Auxiliary police of the Brazilian state of Acre

The Military Firefighters Corps of Acre State (Corpo de Bombeiros Militar do Estado do Acre) is the Military Firefighters Corps in Acre, Brazil. The Firefighters Corps (Corpo de Bombeiros) is part of the structure of the government. It was effectively created in 1974 alongside the Military Police.
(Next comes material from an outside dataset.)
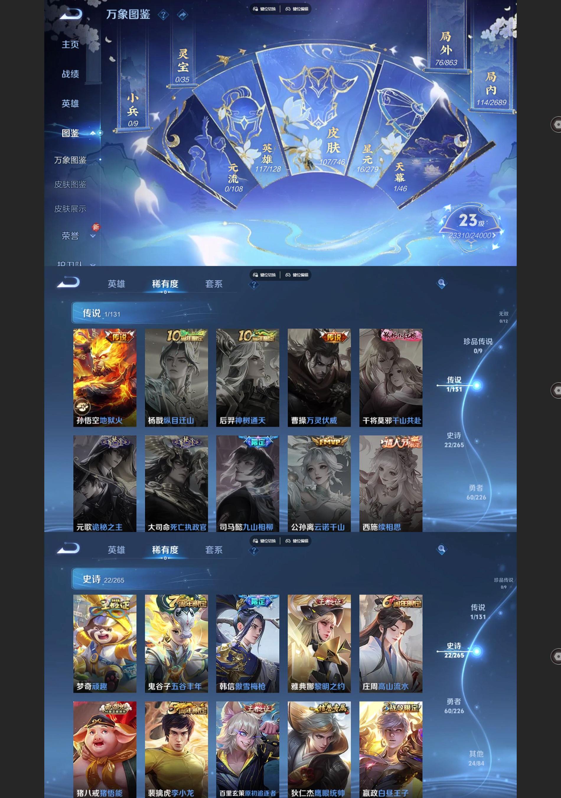 2271966-苹果q-107皮肤1传说1星元22史诗44限定-2781紫星币 【星元】 幽冥火 【传说】 地狱火 【热门】傲雪梅呛 猪悟能 猎兽之王 冰冠公主 原初追逐者 黎明之约 原初探秘者 李小龙 水晶猎龙者 暗隐猎兽者 白昼王子 特工战影 蔷薇恋人 千年之狐 幽灵船长 鬼剑武藏 炼金王 凯尔特女王 狰 饕餮 烛龙 重明 穷奇 御狮 御霄 御旌 御銮 疑决卦 醍醐杖 万华元夜 驱

The mission of the Firefighters Corps is the implementation of activities of Civil Defense, prevention and firefighting, search and rescue, and public assistance under the State of Acre. The unit is reserve troop and auxiliary force of the Brazilian Army, and integrating the system public security and social protection in Brazil.

== History ==
Since the establishment of the Provisional Government of the Independent State of Acre, in 1899, a Fire Brigade was attached to the Department of Justice. Subsequently, with the transformation of the region into Federal Territory, this service started to be done on a precarious basis by the companies Regional Police. The current Fire Department was only effectively organized in 1974, attached to the creation of the Military Police of Acre State. On 18 December 1990 the Corporation separated from the Military Police, starting to enjoy autonomy administrative and financial, and reporting directly to the State Government.

== Organization ==
The Military Firefighters of Acre State is formed by battalions, companies, and platoons.
The battalions (Batalhão de Bombeiro Militar – BBM) and independent companies (Companhia Independente de Bombeiro Militar – CIBM) are organized into Regional Commands (Comandos Regionais de Bombeiro Militar – CRBM). These Commands are in major urban centers, and their battalions and companies are distributed according to population density in cities.

==Mission==
The mission of the Firefighters Corps is the implementation of activities of civil defense, prevention and firefighting, search and rescue, and public assistance under the State of Acre. The unit is reserve troop and ancillary force of the Brazilian Army, and integrating the system public security and social protection in Brazil.
- Fire prevention and extinction urban and forest is;
- Conducting search and rescue services for people, animals, goods and possessions;
- Pre-hospital emergency care;
- Conducting surveys in Buildings;
- Conducting fire assessments;
- Relief assistance in cases of Floods, landslides or catastrophes; where there is people in imminent danger of life, or threat of destruction of assets;
- Study, analysis, planning and inspection of fire safety, at the state level;
- Embargo or interdiction of public works, services, houses or places of entertainment, which do not offer conditions of security for the operation;
- Study, Prevention and fight against forest fires;
- In case of mobilization of the Brazilian Army, cooperation in Civil Defense services upon authorization from the State Government.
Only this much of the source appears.